Photo © CRASHNET / Yahoo!ITALIA

オフに入った直後に負傷して心配されたものの、全てのテストを終わってみれば、やっぱり今オフ常にハイレベルな走りをしていたのは王者ストーナーだった。
バレンシアとフィリップアイランドで今オフのベストタイムをマーク。相変わらずそのスピードは強烈だ。その他のコースでも、コンスタントに無理なく好タイムをマークしていた。
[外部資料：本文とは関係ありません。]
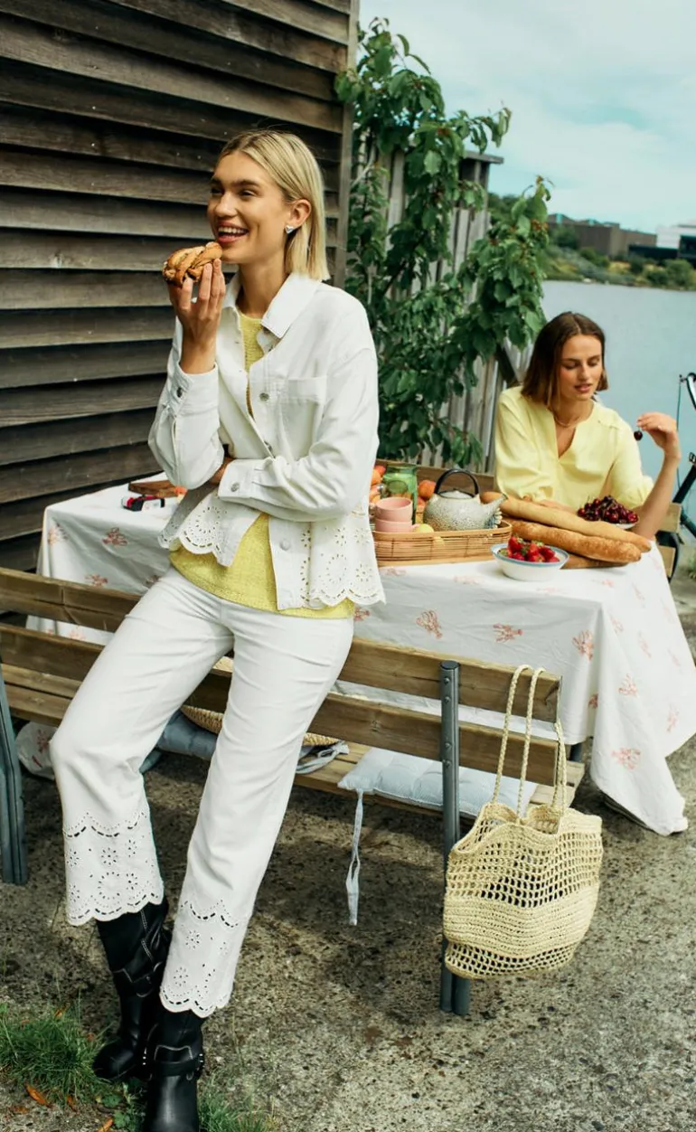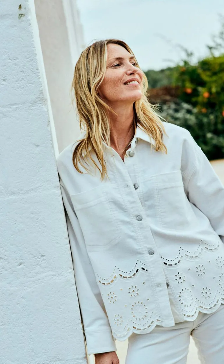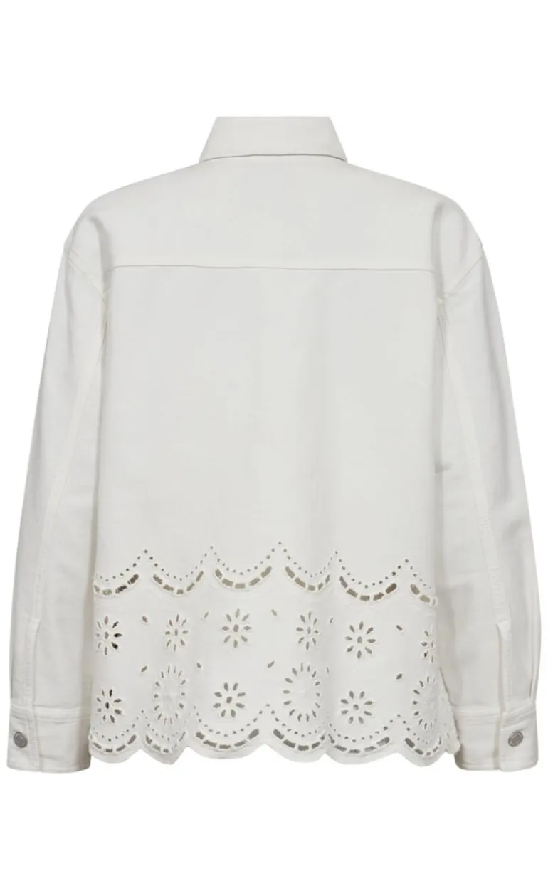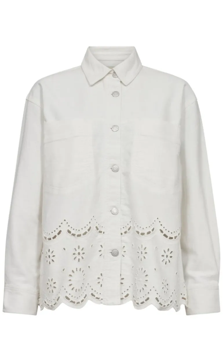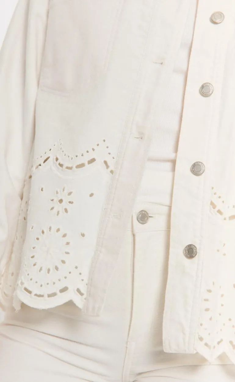 Denne jakke er hvide og har blonder i bunden.

何より、毎度コメントが楽観的だったことが印象的だった。新車GP8は、ほぼ完璧な仕上がりらしい。連覇に向けて相当手応えを感じているようだ。

不安があるとすれば、走行距離が少なかったこと。初テストのバレンシアで負った怪我が思いのほか長く影響して、結局最後までテスト・プログラムは身体に負担がかからないよう控えめなものになった。その結果、ストーナーのマイレージ・ランキングは下から数えて2番目だ。

果たしてこの程度の走り込みで、本当に新車の全てを把握できたのか? GP8は本当にストーナーが言うほど素性の良いマシンなのか? って辺りがちょっと心配。シーズンがある程度進んでから問題点が露見する、なんてことにならなければいいけど・・・

まぁ、ストーナー本人が気持ちよく走れるように仕上がっていればそれで十分なんだろう。
連覇、いけるかもね。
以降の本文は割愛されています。